START Data extracts

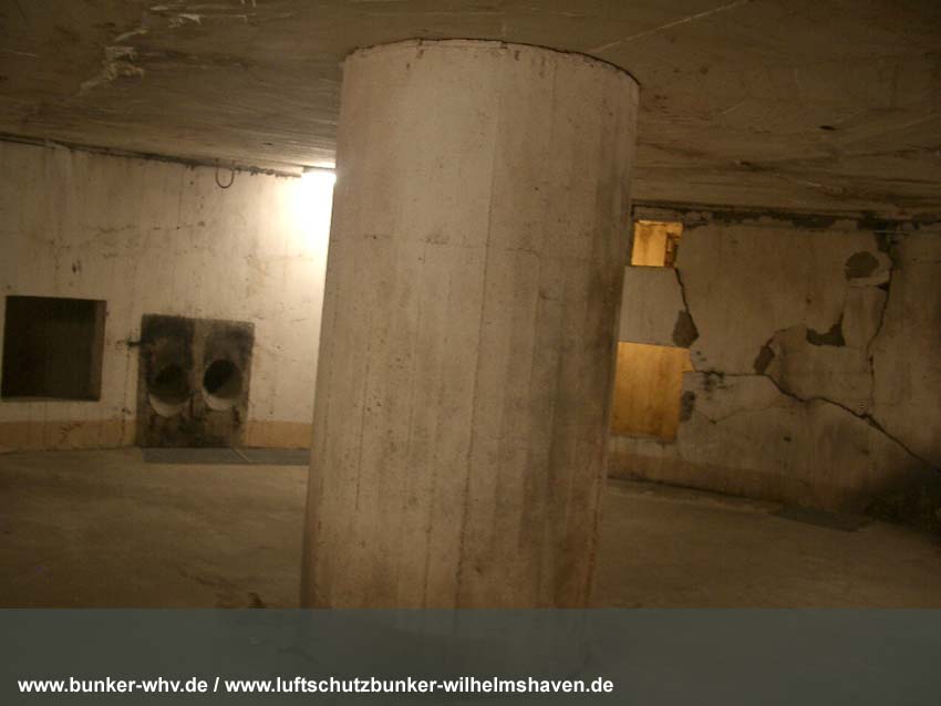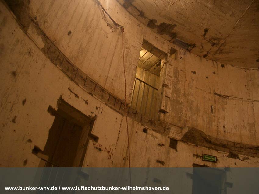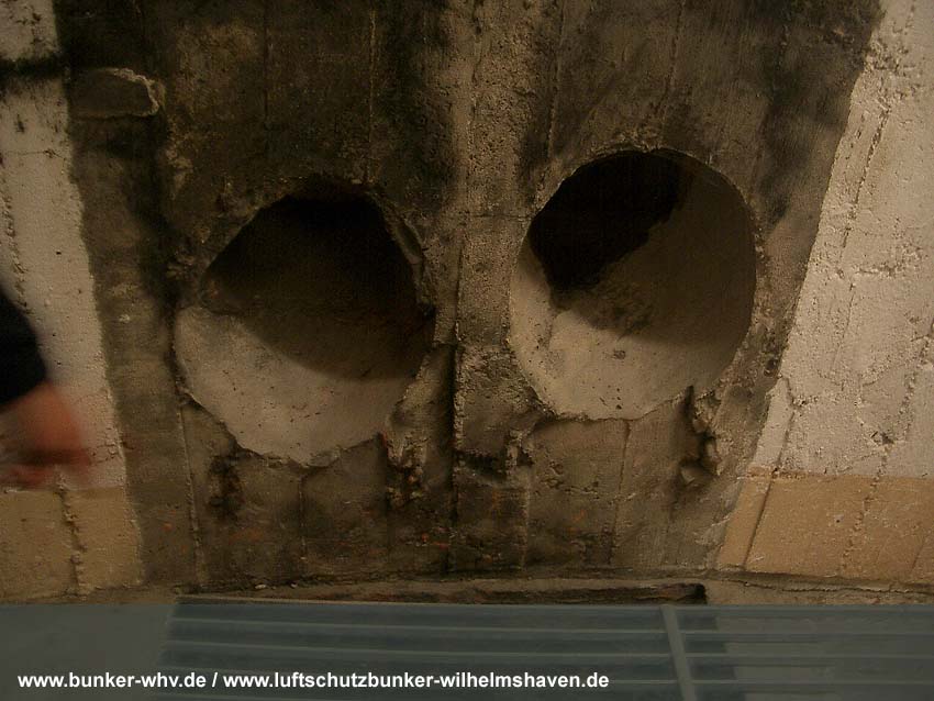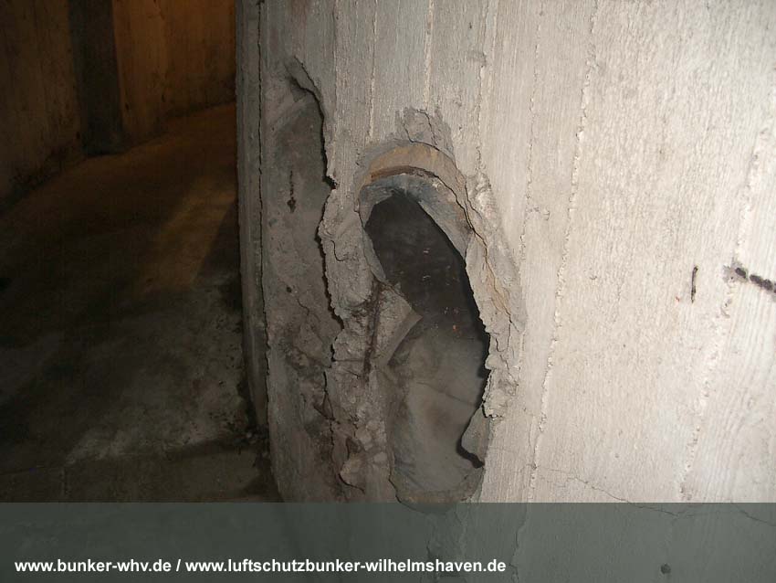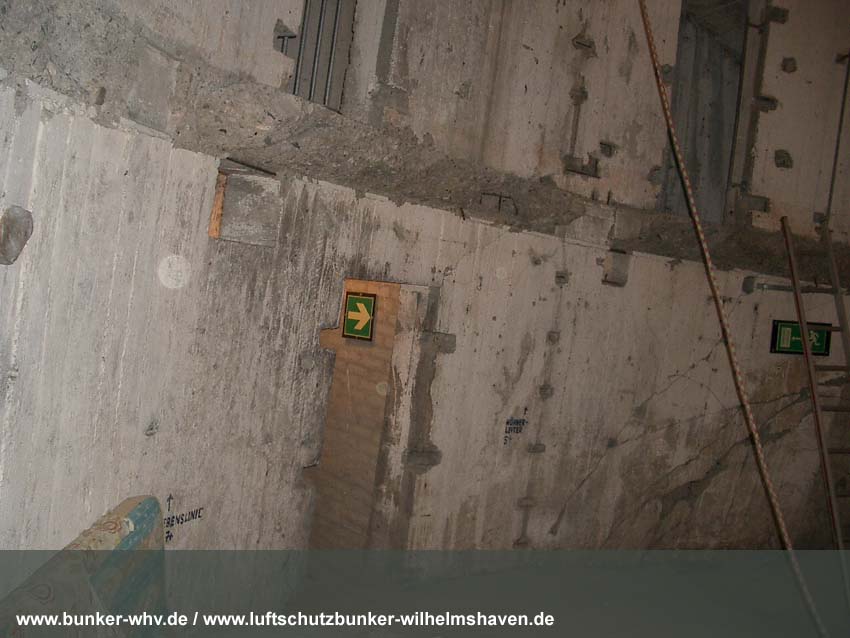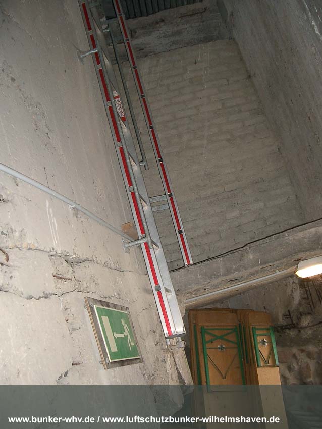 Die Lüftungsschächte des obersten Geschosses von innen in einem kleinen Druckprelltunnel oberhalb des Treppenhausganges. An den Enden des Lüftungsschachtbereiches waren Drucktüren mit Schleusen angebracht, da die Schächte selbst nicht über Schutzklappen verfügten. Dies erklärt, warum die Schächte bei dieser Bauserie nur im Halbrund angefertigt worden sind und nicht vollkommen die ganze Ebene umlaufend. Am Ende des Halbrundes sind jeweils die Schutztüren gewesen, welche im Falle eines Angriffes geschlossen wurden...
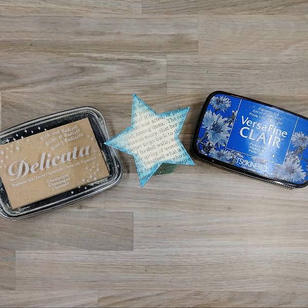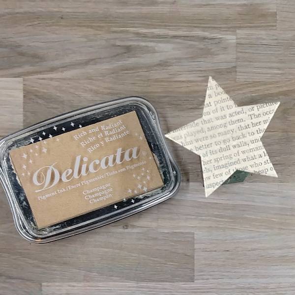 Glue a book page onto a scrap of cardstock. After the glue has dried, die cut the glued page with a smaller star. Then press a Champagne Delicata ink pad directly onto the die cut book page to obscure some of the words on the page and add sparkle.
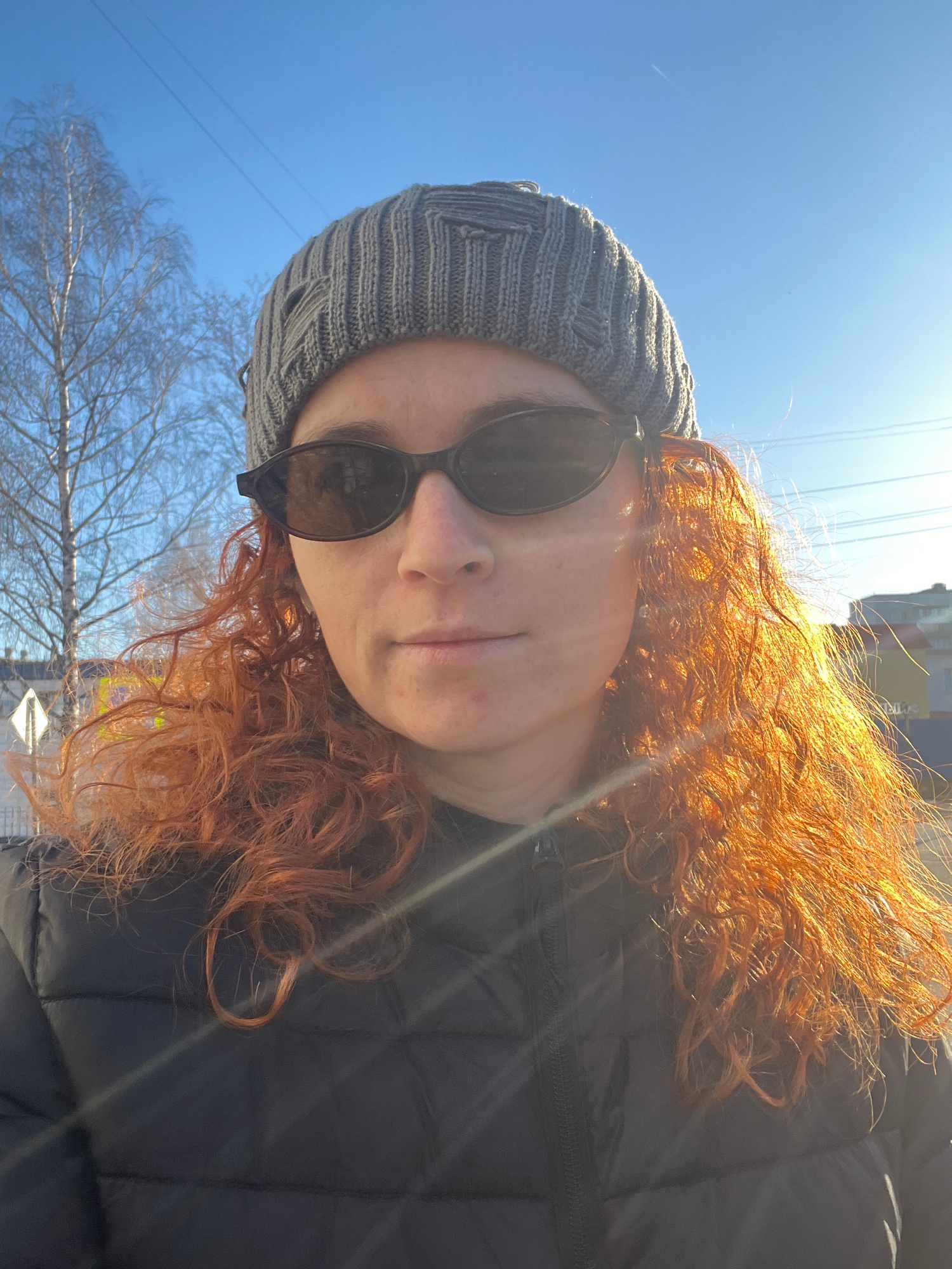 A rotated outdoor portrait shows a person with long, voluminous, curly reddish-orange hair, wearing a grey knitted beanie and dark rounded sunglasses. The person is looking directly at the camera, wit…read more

END Data extracts
START Data extracts

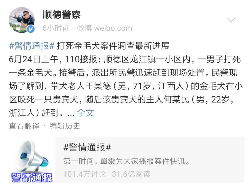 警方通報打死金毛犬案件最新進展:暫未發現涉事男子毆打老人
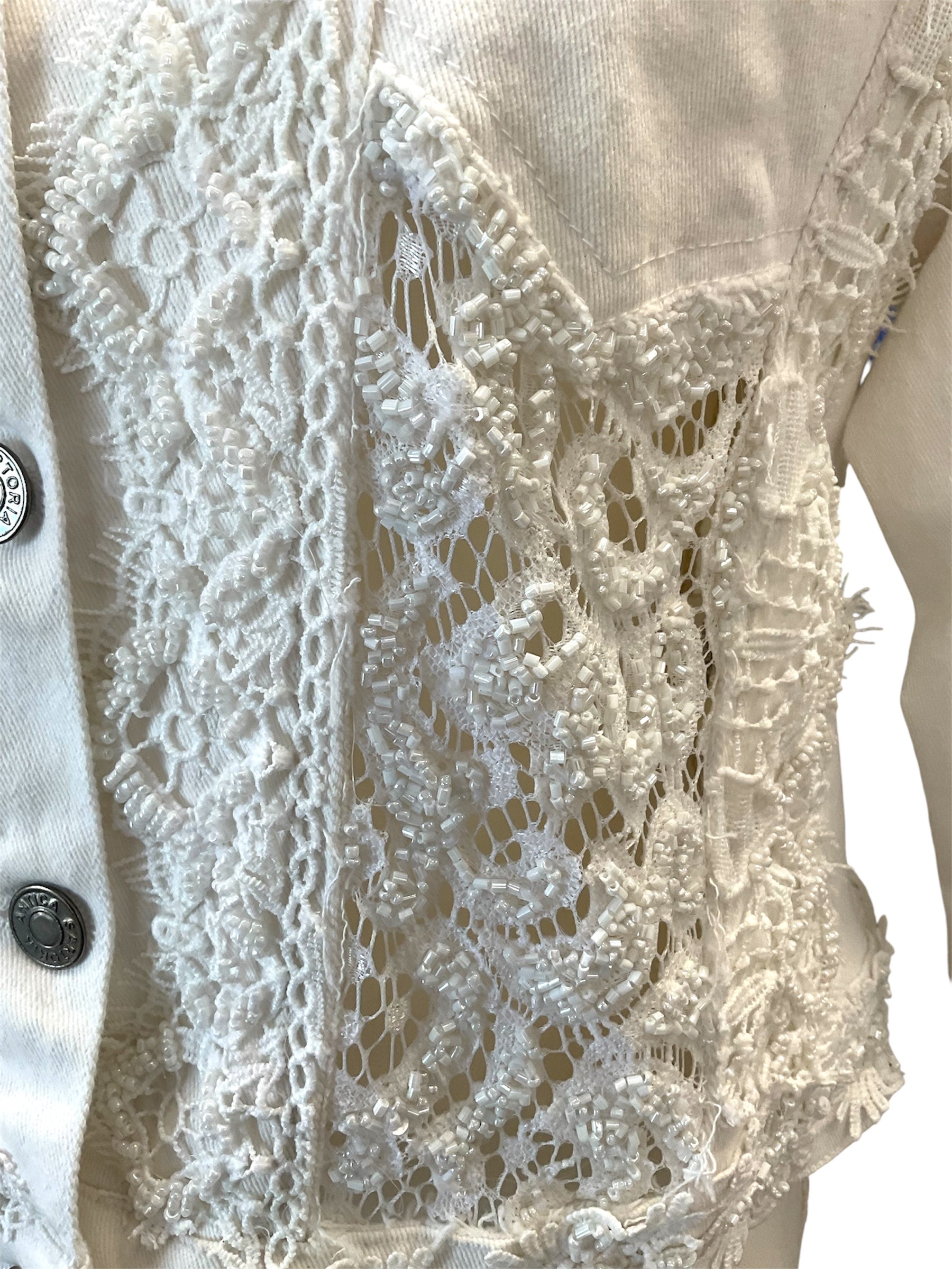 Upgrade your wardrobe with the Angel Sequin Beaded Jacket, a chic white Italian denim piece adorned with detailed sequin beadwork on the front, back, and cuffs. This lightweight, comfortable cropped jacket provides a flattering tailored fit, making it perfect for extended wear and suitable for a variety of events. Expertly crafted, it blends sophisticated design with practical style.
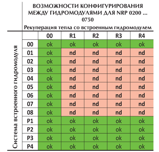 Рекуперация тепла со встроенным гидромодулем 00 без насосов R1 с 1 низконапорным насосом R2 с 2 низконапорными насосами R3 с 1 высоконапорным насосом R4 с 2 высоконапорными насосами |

END Data extracts

→ **What the task requires**
An exact copy is needed. It runs from the line above containing "Upgrade your wardrobe" down to the line containing "Рекуперация тепла со", both included, with no pictures.

→ **Written response**
 Upgrade your wardrobe with the Angel Sequin Beaded Jacket, a chic white Italian denim piece adorned with detailed sequin beadwork on the front, back, and cuffs. This lightweight, comfortable cropped jacket provides a flattering tailored fit, making it perfect for extended wear and suitable for a variety of events. Expertly crafted, it blends sophisticated design with practical style.
 Рекуперация тепла со встроенным гидромодулем 00 без насосов R1 с 1 низконапорным насосом R2 с 2 низконапорными насосами R3 с 1 высоконапорным насосом R4 с 2 высоконапорными насосами |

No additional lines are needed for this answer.